To do:
Reproduce only the lines of the material below that start at the line containing "윤슬과 물안개를 감상할" and stop at the line containing "Official application of". Keep both end lines.
====== Data records ======
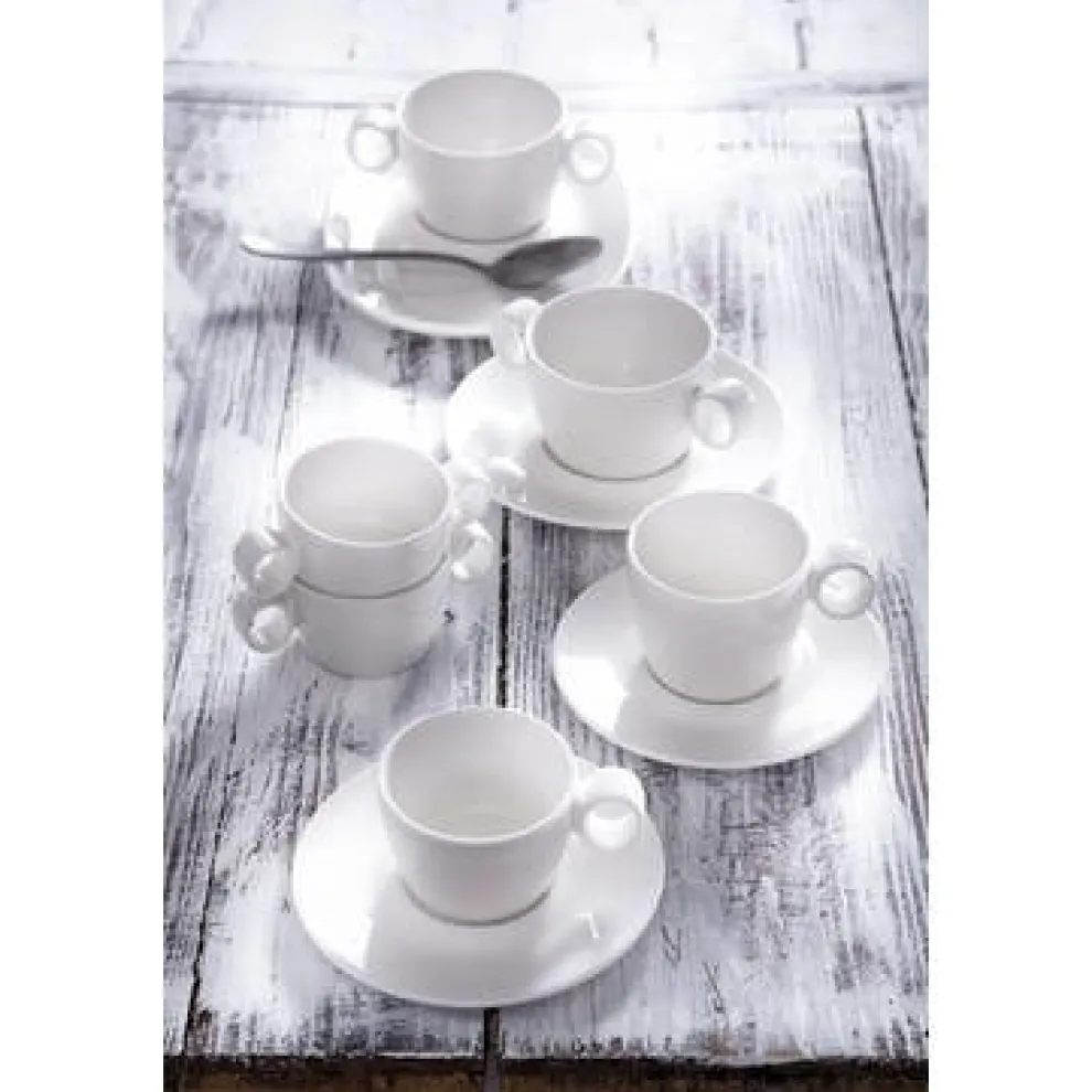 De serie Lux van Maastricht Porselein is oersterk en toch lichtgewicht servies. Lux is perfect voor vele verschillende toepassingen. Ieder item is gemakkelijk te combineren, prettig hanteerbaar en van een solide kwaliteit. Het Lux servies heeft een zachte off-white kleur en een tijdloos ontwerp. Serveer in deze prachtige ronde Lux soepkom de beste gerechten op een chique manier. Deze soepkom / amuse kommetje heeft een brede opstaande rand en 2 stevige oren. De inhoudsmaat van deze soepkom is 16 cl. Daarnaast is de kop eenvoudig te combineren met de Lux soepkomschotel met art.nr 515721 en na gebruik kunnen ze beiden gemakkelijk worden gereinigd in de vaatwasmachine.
======
====== Data records ======
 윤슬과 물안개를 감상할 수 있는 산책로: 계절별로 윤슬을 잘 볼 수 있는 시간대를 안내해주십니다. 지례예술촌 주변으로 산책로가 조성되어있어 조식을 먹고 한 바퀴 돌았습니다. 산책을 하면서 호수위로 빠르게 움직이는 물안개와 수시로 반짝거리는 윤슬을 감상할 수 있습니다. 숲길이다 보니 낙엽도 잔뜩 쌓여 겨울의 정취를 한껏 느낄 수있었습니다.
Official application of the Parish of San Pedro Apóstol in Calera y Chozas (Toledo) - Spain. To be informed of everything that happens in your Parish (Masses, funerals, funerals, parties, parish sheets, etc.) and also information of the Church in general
======
Answer below:
 윤슬과 물안개를 감상할 수 있는 산책로: 계절별로 윤슬을 잘 볼 수 있는 시간대를 안내해주십니다. 지례예술촌 주변으로 산책로가 조성되어있어 조식을 먹고 한 바퀴 돌았습니다. 산책을 하면서 호수위로 빠르게 움직이는 물안개와 수시로 반짝거리는 윤슬을 감상할 수 있습니다. 숲길이다 보니 낙엽도 잔뜩 쌓여 겨울의 정취를 한껏 느낄 수있었습니다.
Official application of the Parish of San Pedro Apóstol in Calera y Chozas (Toledo) - Spain. To be informed of everything that happens in your Parish (Masses, funerals, funerals, parties, parish sheets, etc.) and also information of the Church in general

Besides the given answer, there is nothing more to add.